■ INFORMATION PROVIDED:
┏━━

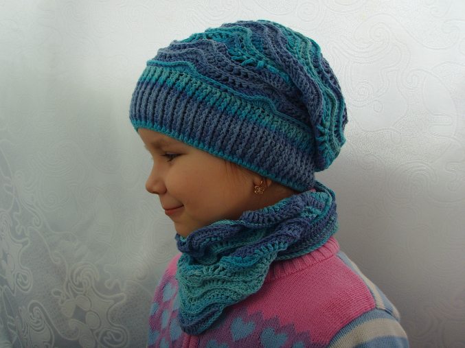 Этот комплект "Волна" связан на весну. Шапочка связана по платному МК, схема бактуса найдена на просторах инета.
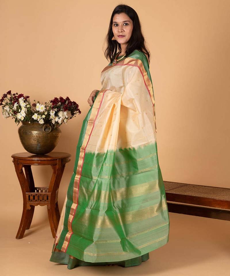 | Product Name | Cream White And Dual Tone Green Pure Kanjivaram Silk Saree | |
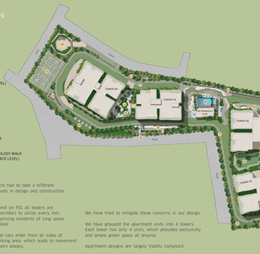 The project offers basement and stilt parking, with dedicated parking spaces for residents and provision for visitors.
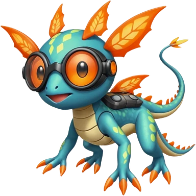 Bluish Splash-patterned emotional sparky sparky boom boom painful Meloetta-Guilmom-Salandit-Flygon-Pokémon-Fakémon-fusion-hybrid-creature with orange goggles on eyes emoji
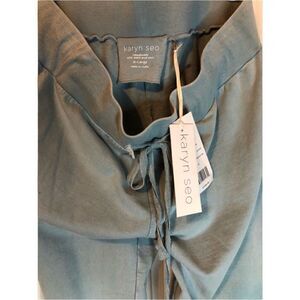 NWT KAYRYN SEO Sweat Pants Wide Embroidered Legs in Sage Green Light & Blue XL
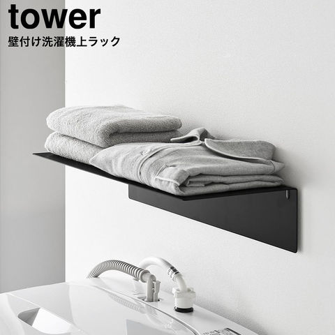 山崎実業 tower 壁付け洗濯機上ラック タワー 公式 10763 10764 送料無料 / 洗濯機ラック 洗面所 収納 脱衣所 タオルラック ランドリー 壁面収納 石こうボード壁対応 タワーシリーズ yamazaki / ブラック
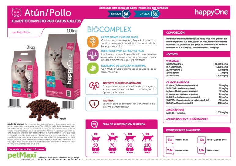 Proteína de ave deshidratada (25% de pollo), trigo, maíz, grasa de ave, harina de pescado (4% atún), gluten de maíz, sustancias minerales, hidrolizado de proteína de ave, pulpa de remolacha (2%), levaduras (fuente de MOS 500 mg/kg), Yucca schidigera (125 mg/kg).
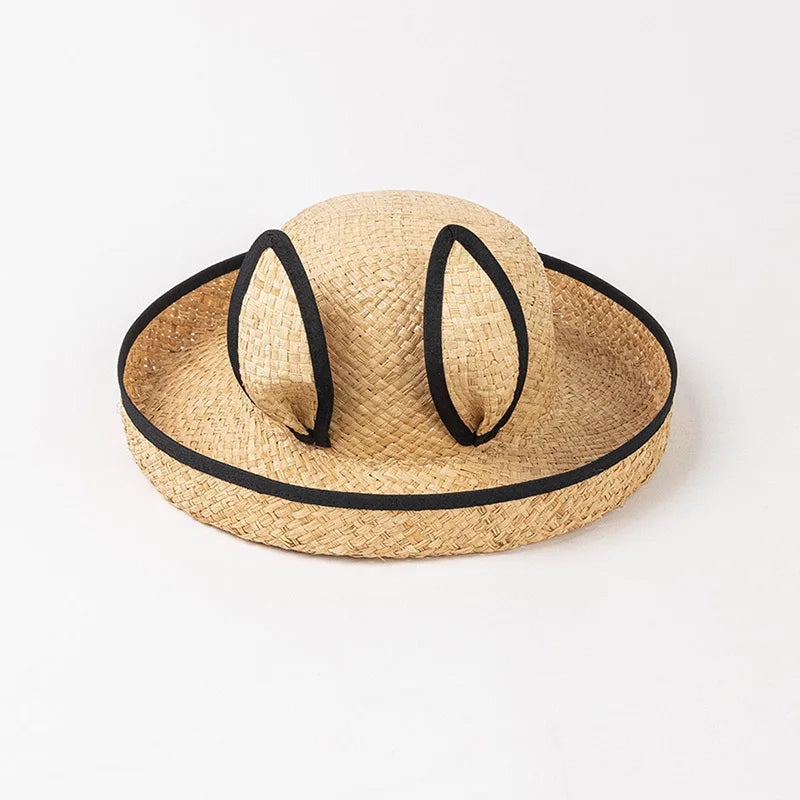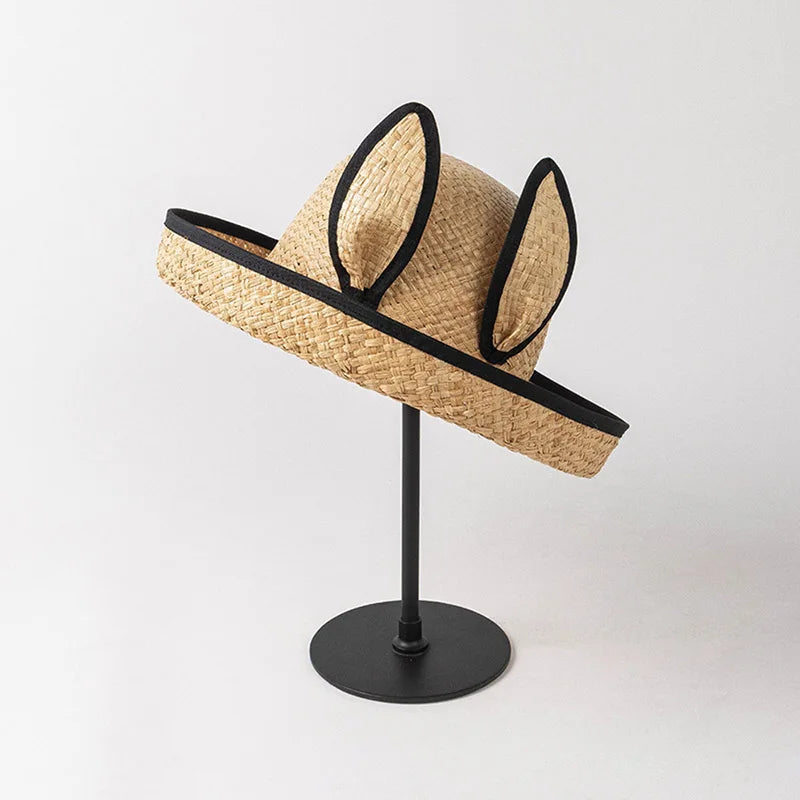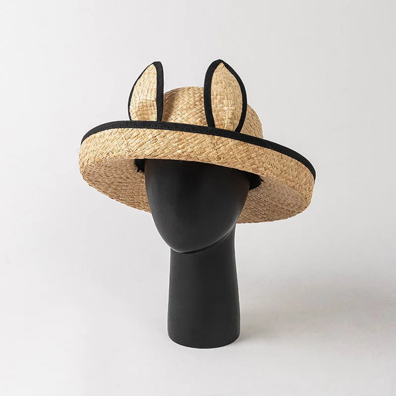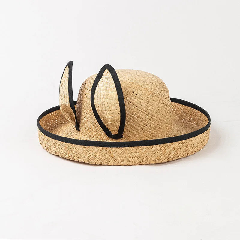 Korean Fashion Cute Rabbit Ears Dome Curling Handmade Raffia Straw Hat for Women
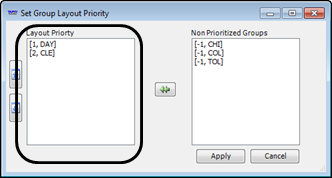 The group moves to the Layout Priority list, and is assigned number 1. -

┗━━
┏━━

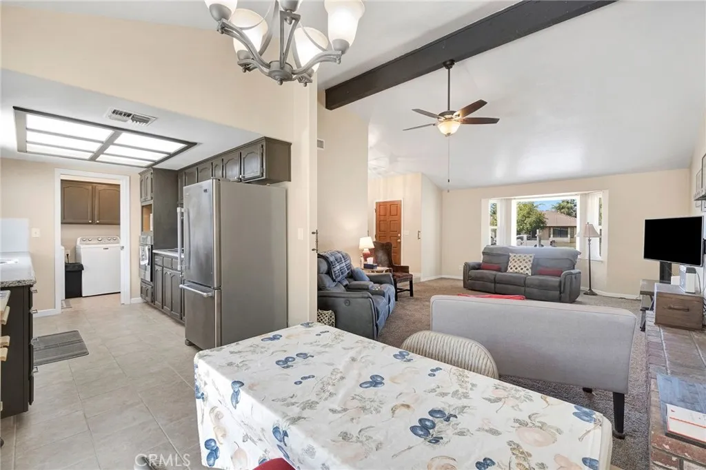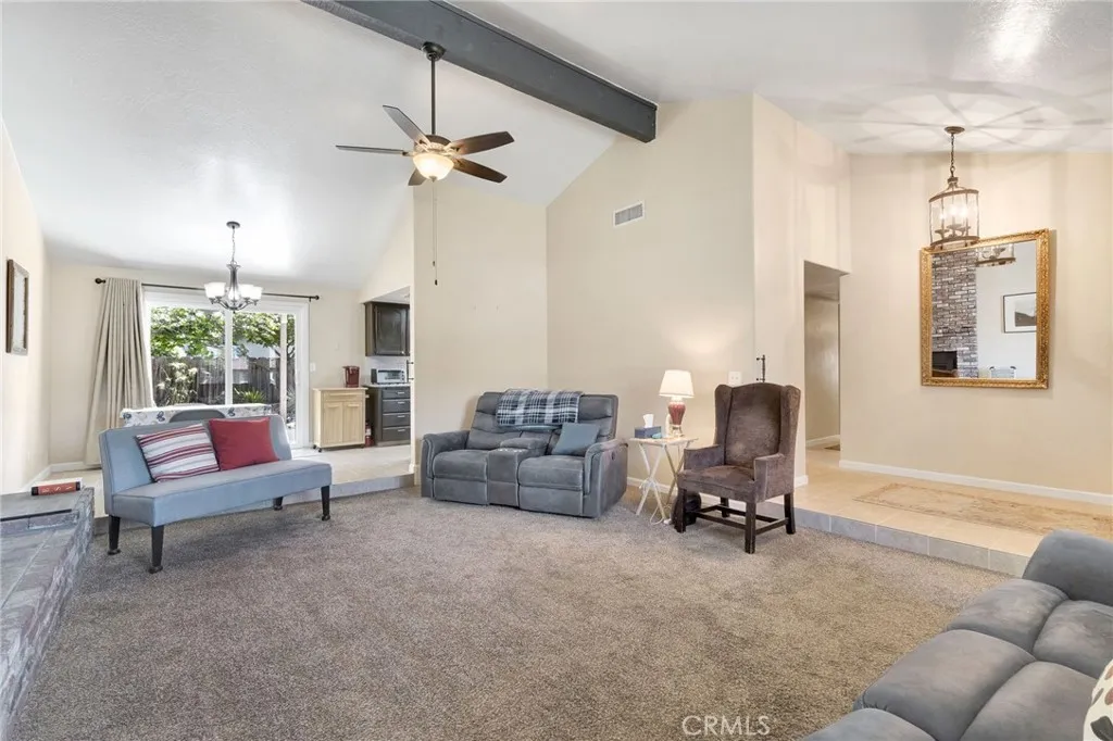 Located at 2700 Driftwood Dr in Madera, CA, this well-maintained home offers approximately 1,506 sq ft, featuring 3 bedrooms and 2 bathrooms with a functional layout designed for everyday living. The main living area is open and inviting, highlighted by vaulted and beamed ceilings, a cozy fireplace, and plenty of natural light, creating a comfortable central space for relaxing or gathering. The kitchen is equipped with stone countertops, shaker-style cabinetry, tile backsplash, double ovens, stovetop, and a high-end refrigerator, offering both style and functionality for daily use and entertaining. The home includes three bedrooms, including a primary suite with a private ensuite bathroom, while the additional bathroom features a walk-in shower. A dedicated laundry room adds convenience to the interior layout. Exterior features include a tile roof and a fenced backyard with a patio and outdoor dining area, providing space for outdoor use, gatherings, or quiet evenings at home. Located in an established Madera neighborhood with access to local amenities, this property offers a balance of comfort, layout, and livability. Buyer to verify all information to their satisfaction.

┗━━
┏━━

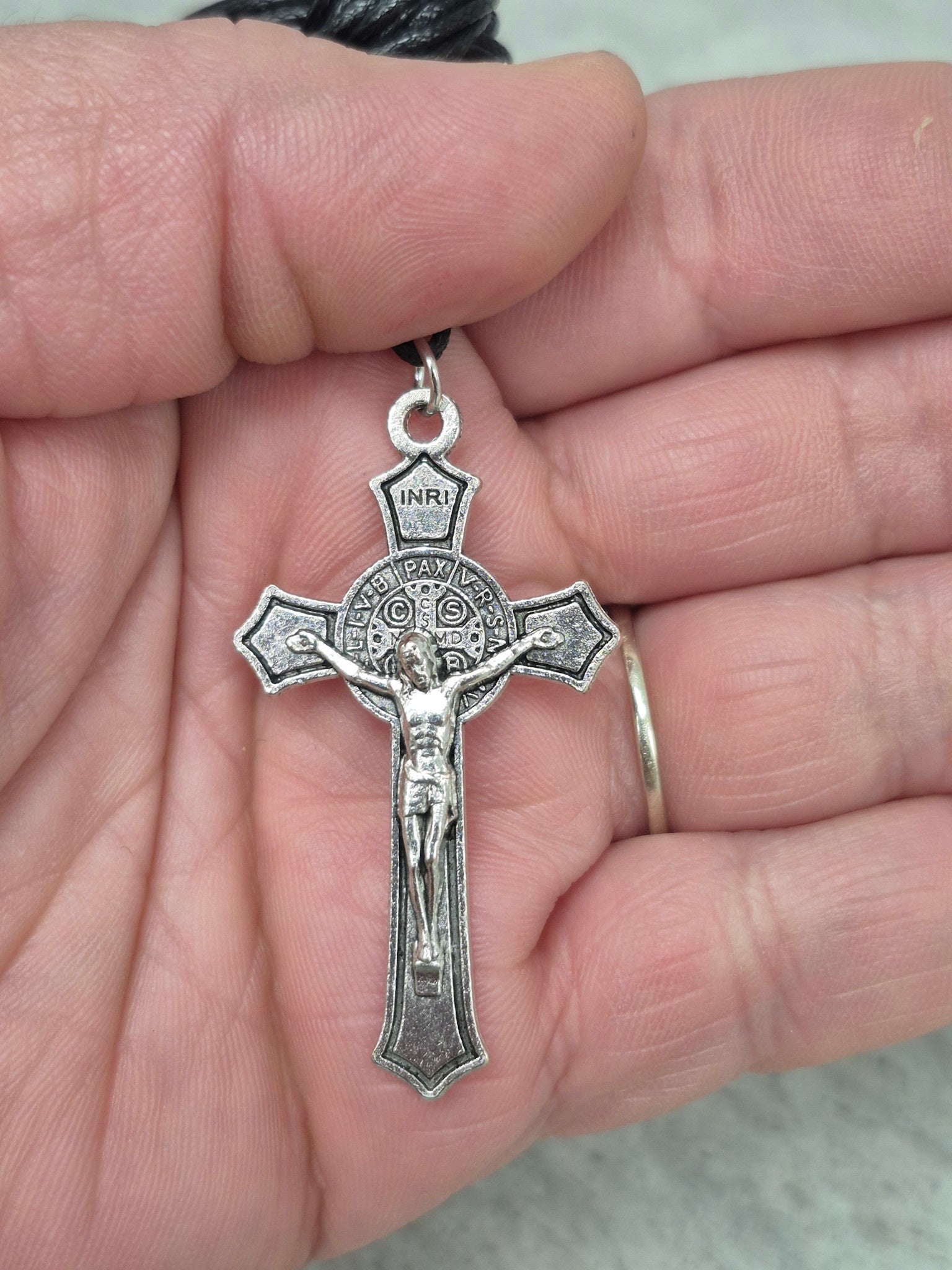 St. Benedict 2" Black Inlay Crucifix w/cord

┗━━

■ WORK INSTRUCTION:
Above this task is a listing with pictures in it. Retype only the lines from the one containing "山崎実業 tower 壁付け洗濯機上ラック" through the one containing "The group moves", both included, and not the pictures.

■ EXPECTED ANSWER:
 山崎実業 tower 壁付け洗濯機上ラック タワー 公式 10763 10764 送料無料 / 洗濯機ラック 洗面所 収納 脱衣所 タオルラック ランドリー 壁面収納 石こうボード壁対応 タワーシリーズ yamazaki / ブラック
 Proteína de ave deshidratada (25% de pollo), trigo, maíz, grasa de ave, harina de pescado (4% atún), gluten de maíz, sustancias minerales, hidrolizado de proteína de ave, pulpa de remolacha (2%), levaduras (fuente de MOS 500 mg/kg), Yucca schidigera (125 mg/kg).
 Korean Fashion Cute Rabbit Ears Dome Curling Handmade Raffia Straw Hat for Women
 The group moves to the Layout Priority list, and is assigned number 1. -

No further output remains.